Recent land deformation detected by Sentinel-1A InSAR data (2016–2020) over Hanoi, Vietnam, and the relationship with groundwater level change

Abstract

ABSTRACT Interferometric synthetic aperture radar (InSAR), one of the most commonly used remote sensing methods for observing and monitoring land subsidence, has been applied in Hanoi, Vietnam in several studies with results showing deformation up to 2014. However, freely accessible Sentinel-1 InSAR data have not been investigated thoroughly to date. Here, we investigate the most recent land surface deformation in Hanoi for the period 20162020 using Sentinel-1A SAR data. The analysis is conducted on 114 SAR scenes with both the Persistent Scatterer InSAR (PSInSAR) and Small BAseline Subset (SBAS) methods.

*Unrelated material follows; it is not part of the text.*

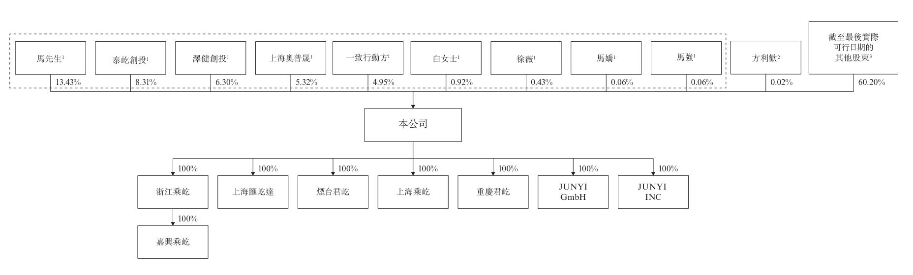 IPO前,上海君屹执行董事及控股股东马翌鑫、其配偶白女士以及彼控制的上海奥普晟、其兄弟姐妹马强及马娇、一致行动方及彼控制的实体(即泰屹创投及泽健创投)有权合共行使公司全部投票权的约39.79%。

The GPS-based deformation time series are used to verify InSAR results and borehole groundwater level measurements are employed to evaluate the relationship between groundwater depletion and surface subsidence. The results show that observed deformation from SBAS and PSInSAR is consistent in both spatial patterns and statistics, in which two high-rate subsiding bowls were detected in Dan Phuong/Hoai Duc and Ha Dong/Thanh Tri districts with the mean subsiding rates of ∼5 mm per year. GPS and InSAR deformation generally agree well except for the comparison at the JNAV station after 2017, which can be attributable to the local deformation detected by GPS and the average movement of a 100-m radius area captured by InSAR. An agreement in the drawdown trend between borehole groundwater and InSAR-derived deformation was found at four wells located within or in proximity to the two bowls. The declining rates of groundwater level at about 0.31 m per year were found at the two wells Q57a and Q58a located within the Dan Phuong/Hoai Duc bowl, corresponding to the surface subsidence rates found at 6–8 mm per year. The Q68a well was found to experience groundwater level declining at the highest rate of ∼0.9 m per year corresponding to the subsidence rate of ∼7 mm per year found by InSAR.